Khotan Melikawat ruins
Map showing Aksai Chin and the Karakash in Ladakh, eastern Kashmir from eastern Panggong Lake in the south to the Kilian, Sanju-la and Hindutash Passes

There is a relative abundance of information on Hotan readily available for study. The main historical sources are to be found in the Chinese histories (particularly detailed during the Han[7] and early Tang dynasties) when China was interested in control of the Western Regions, the accounts of several Chinese pilgrim monks,[8] a few Buddhist histories of Hotan that have survived in Classical Tibetan and a large number of documents in the Iranian Saka language and other languages discovered, for the most part, early this century at various sites in the Tarim Basin and from the hidden library at the Mogao Caves near Dunhuang.

Buddhist Khotan

Main article: Kingdom of Khotan

The ancient Kingdom of Khotan was one of the earliest Buddhist states in the world and a cultural bridge across which Buddhist culture and learning were transmitted from India to China.[9] Its capital was located to the west of the modern city of Hotan. The inhabitants of the Kingdom of Khotan, like those of early Kashgar and Yarkant, spoke Saka, one of the Eastern Iranian languages. Khotan's indigenous dynasty (all of whose royal names are Indian in origin) governed a fervently Buddhist city-state boasting some 400 temples in the late 9th/early 10th century—four times the number recorded by Xuanzang around 630. The kingdom was independent but was intermittently under Chinese control during the Han and Tang Dynasty.

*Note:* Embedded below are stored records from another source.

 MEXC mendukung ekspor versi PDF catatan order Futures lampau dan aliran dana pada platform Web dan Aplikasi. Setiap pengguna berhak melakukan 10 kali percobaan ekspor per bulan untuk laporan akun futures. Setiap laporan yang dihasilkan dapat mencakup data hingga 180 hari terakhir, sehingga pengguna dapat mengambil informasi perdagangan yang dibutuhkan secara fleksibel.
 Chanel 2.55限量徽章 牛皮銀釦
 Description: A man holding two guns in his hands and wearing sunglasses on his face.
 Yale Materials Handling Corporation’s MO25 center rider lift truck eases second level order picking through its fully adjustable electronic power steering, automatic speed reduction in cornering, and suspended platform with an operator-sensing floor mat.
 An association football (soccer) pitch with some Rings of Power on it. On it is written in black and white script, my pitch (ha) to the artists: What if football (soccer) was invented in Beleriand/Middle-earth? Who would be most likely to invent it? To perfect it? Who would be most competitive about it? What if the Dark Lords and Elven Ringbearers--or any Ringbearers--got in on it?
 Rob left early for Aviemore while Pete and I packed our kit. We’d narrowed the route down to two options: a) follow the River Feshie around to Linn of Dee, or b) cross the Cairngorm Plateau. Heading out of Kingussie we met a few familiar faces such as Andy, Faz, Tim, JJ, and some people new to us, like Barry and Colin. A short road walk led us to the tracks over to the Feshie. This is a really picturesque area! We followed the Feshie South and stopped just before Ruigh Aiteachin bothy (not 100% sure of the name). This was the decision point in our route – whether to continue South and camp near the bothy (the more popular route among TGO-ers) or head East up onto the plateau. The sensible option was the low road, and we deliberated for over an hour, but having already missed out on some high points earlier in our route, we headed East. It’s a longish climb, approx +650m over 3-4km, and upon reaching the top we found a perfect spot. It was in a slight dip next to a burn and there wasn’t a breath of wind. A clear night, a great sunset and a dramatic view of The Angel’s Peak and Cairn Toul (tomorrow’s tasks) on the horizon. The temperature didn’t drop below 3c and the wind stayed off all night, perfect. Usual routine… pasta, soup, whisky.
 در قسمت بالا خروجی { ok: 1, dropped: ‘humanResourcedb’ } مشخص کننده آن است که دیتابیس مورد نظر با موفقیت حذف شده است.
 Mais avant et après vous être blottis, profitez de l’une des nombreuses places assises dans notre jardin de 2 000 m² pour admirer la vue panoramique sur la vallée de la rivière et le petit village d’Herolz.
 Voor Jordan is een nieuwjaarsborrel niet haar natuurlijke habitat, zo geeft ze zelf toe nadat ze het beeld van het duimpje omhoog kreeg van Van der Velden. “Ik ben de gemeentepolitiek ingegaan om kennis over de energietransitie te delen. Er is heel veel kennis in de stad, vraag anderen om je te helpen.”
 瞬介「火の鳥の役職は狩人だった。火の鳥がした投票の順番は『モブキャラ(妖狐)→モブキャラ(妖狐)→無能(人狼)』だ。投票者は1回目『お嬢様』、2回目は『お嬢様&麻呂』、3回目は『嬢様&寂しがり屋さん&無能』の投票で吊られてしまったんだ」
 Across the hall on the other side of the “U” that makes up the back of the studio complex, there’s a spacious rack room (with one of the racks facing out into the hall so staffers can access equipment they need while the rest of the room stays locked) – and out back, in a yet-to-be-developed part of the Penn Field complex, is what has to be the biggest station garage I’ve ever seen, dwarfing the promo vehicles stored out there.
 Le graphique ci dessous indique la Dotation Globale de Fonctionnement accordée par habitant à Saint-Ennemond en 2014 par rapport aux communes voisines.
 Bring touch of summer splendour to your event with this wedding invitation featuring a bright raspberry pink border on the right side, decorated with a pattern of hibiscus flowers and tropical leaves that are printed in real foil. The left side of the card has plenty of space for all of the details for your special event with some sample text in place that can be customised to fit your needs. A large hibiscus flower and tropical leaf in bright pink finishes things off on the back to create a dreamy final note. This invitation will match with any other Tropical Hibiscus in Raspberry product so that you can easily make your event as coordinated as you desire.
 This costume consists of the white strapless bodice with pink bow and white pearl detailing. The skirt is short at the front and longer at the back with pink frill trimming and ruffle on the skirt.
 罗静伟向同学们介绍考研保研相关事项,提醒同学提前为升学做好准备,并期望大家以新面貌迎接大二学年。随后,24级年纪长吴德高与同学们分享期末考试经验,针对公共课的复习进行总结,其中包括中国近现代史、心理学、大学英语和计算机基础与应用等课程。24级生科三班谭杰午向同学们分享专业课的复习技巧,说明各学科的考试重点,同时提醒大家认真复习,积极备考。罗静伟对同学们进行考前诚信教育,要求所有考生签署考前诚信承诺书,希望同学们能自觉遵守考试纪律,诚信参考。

Map of Central Asia (1878) showing Khotan (near top right corner) and the Sanju Pass, Hindutash, and Ilchi passes through the Kunlun Mountains to Leh, Ladakh. The previous border of the British Indian Empire is shown in the two-toned purple and pink band.

After the Tang dynasty, Khotan formed an alliance with the rulers of Dunhuang. Khotan enjoyed close relations with the Buddhist centre at Dunhuang: the Khotanese royal family intermarried with Dunhuang élites, visited and patronised Dunhuang's Buddhist temple complex, and donated money to have their portraits painted on the walls of the Mogao grottos. Through the 10th century, Khotanese royal portraits were painted in association with an increasing number of deities in the caves.

In the 10th century, Khotan began a struggle with the Kara-Khanid Khanate, a Turkic state.[10] The Kara-Khanid ruler, Sultan Satuq Bughra Khan, had converted to Islam:

Satuq's son, Musa, began to put pressure on Khotan in the mid-10th century, and sometime before 1006 Yusuf Qadir Khan of Kashgar besieged and took the city. This conquest of Buddhist Khotan by the Muslim Turks—about which there are many colourful legends—marked another watershed in the Islamicisation and Turkicisation of the Tarim Basin, and an end to local autonomy of this southern Tarim city state.[11]
A mosque in Hotan

Some Khotanese Buddhist works were unearthed.[12][13][14]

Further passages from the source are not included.